Sunoに公開されている曲は「Deep down in Louisiana close to New Orle(ルイジアナ州の奥深く、ニューオーレに近い)」というタイトルで、「1950年代のロックンロール、リズム&ブルース、12小節のブルース、ロカビリー、エネルギッシュな男性、ヴォーカリスト、シンガー・ギタリスト」というスタイル指定で行われています。そして、原曲の特徴的なサビの部分「Go Johnny, go, go」がほぼ同じ旋律が再現されていると説明しています。実際、2つの曲を聞いてみても、特にサビの部分は非常に似た印象を受けます。他にも5曲が紹介されており、録音物を取り込んでいることの証明であると主張しています。
そのうえで、Sunoは自社の学習の正当性の根拠として、米著作権法で認められているフェアユースを主張していますが、その適応対象にならないとしています。

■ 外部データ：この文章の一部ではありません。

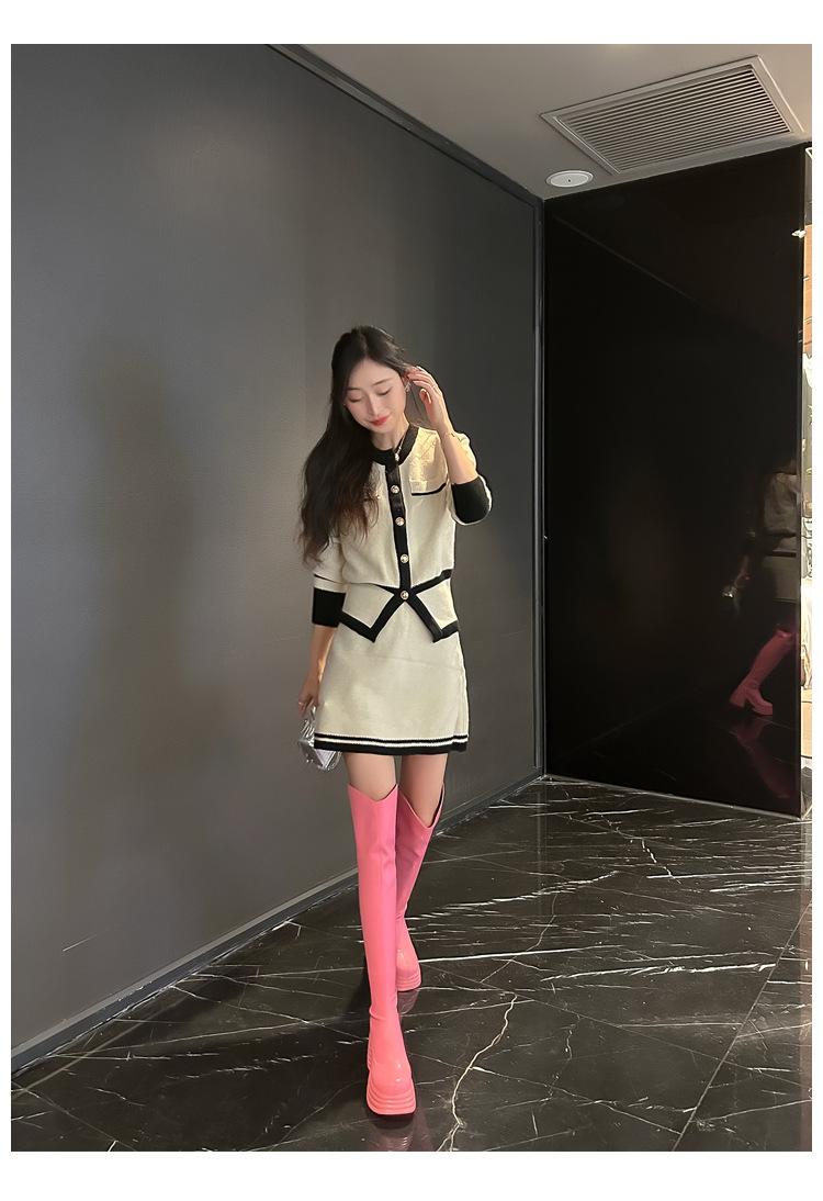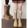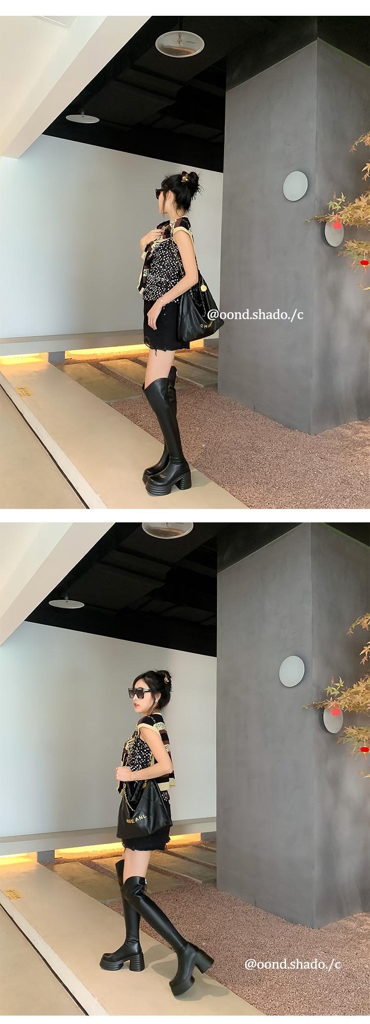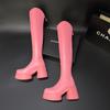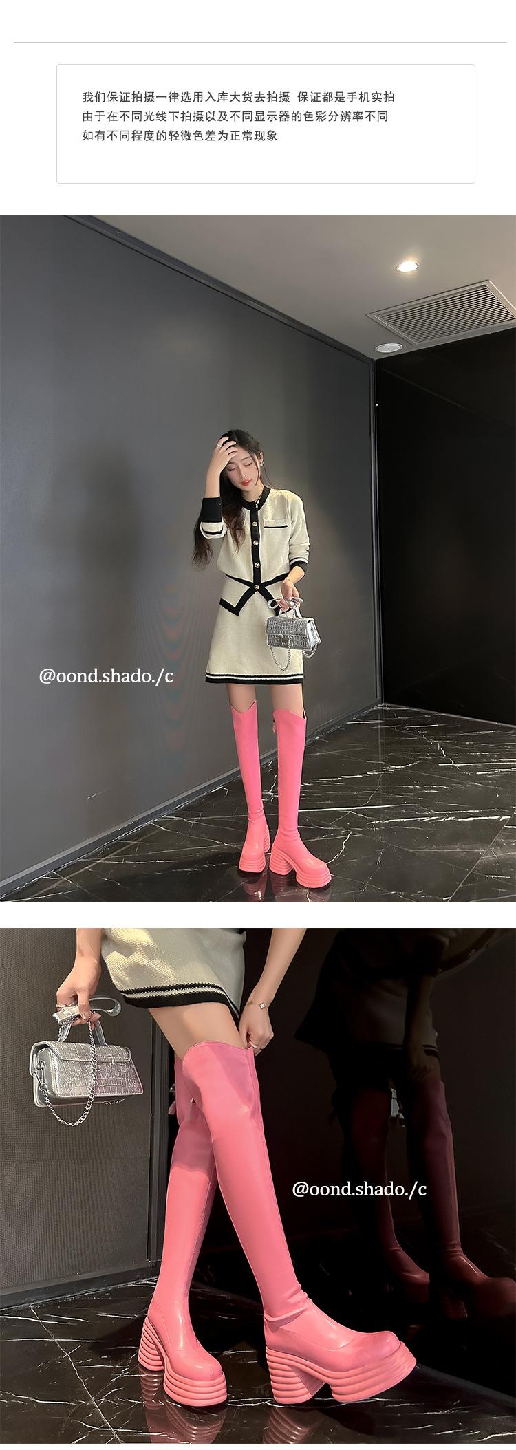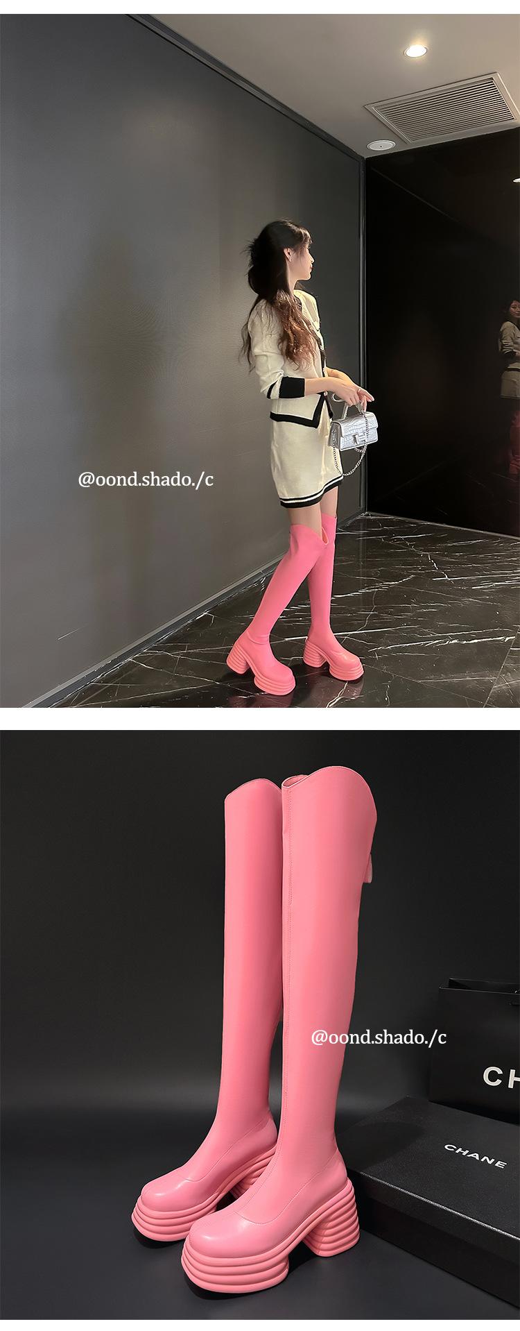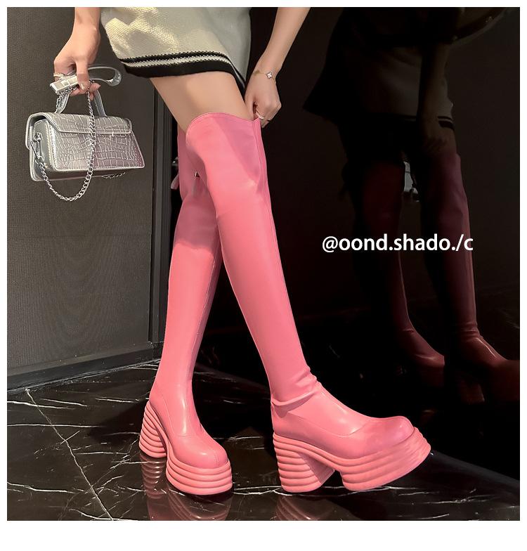 Moda de Estilo Coreano Botas de Caballero Simples con Cremallera Trasera 2025 Otoño e Invierno Nuevas Botas por Encima de la Rodilla con Suela Gruesa y Tacón Grueso para Aumentar la Altura
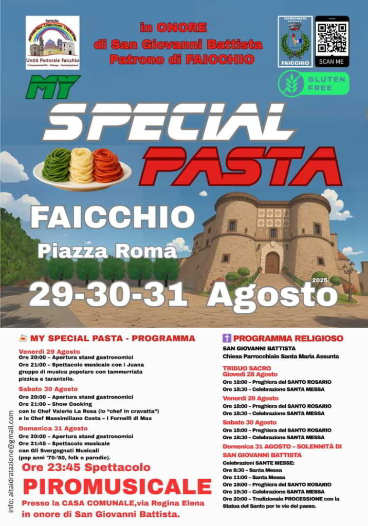 Per tutti gli appassionati di pasta, il 29-30 e 31 Agosto 2025, a Telese Terme in provincia di Benevento in piazza Roma, andrà di scena l’evento My Special Pasta.
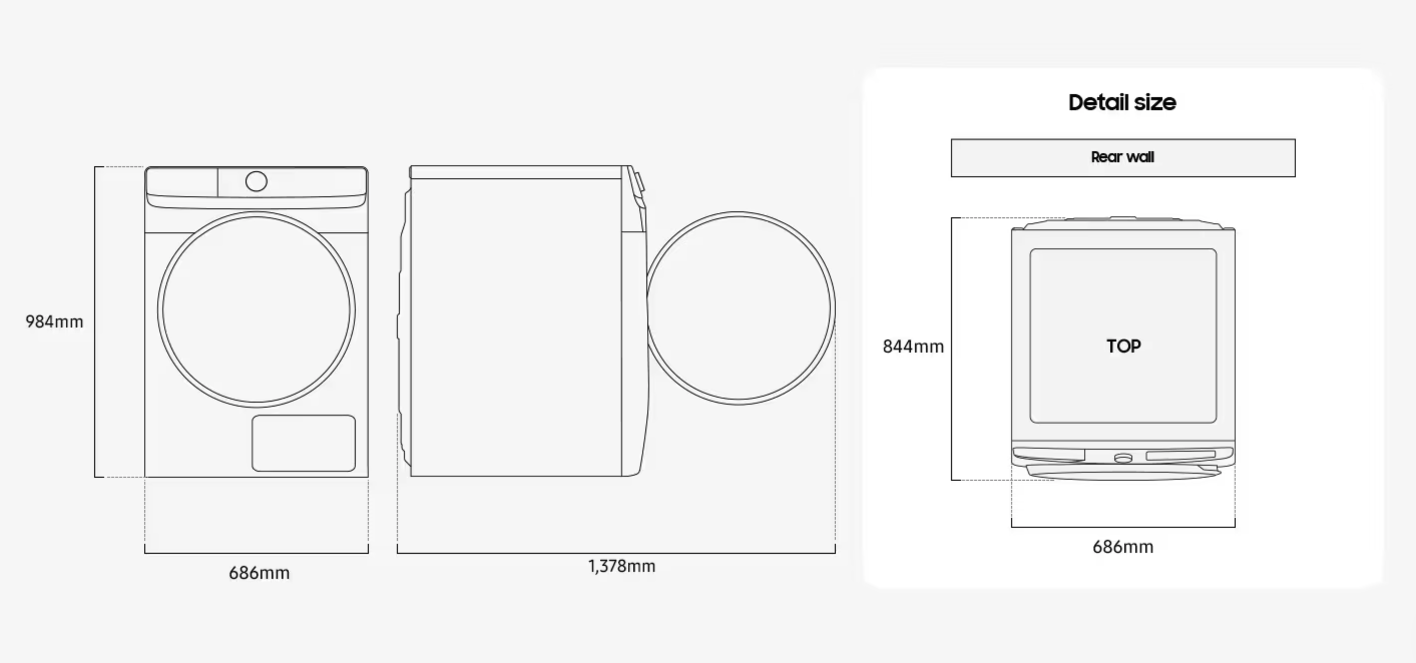 Fysieke specificaties 686 x 984 x 844 mm

「合衆国法典第17編第107条に規定されるフェアユースの原則は、『批評、コメント、報道、教育、……学術、研究』を含む、フェアユースとして認められる可能性のある利用形態の例を示している。これらの典型的な公正利用は、『文学、音楽、その他の芸術』の公の利用可能性を確保するという方針を反映したものであり、他の人間がこれらの作品を利用して新たな作品を創造することができるようにするものである」(訴状 P.25)
Sunoが無数の録音物を大量にコピーすることはこうした目的のいずれにもかなわないとしており、さらに、商業目的利用を最初から目指していることが「適格ではない」とも論じています。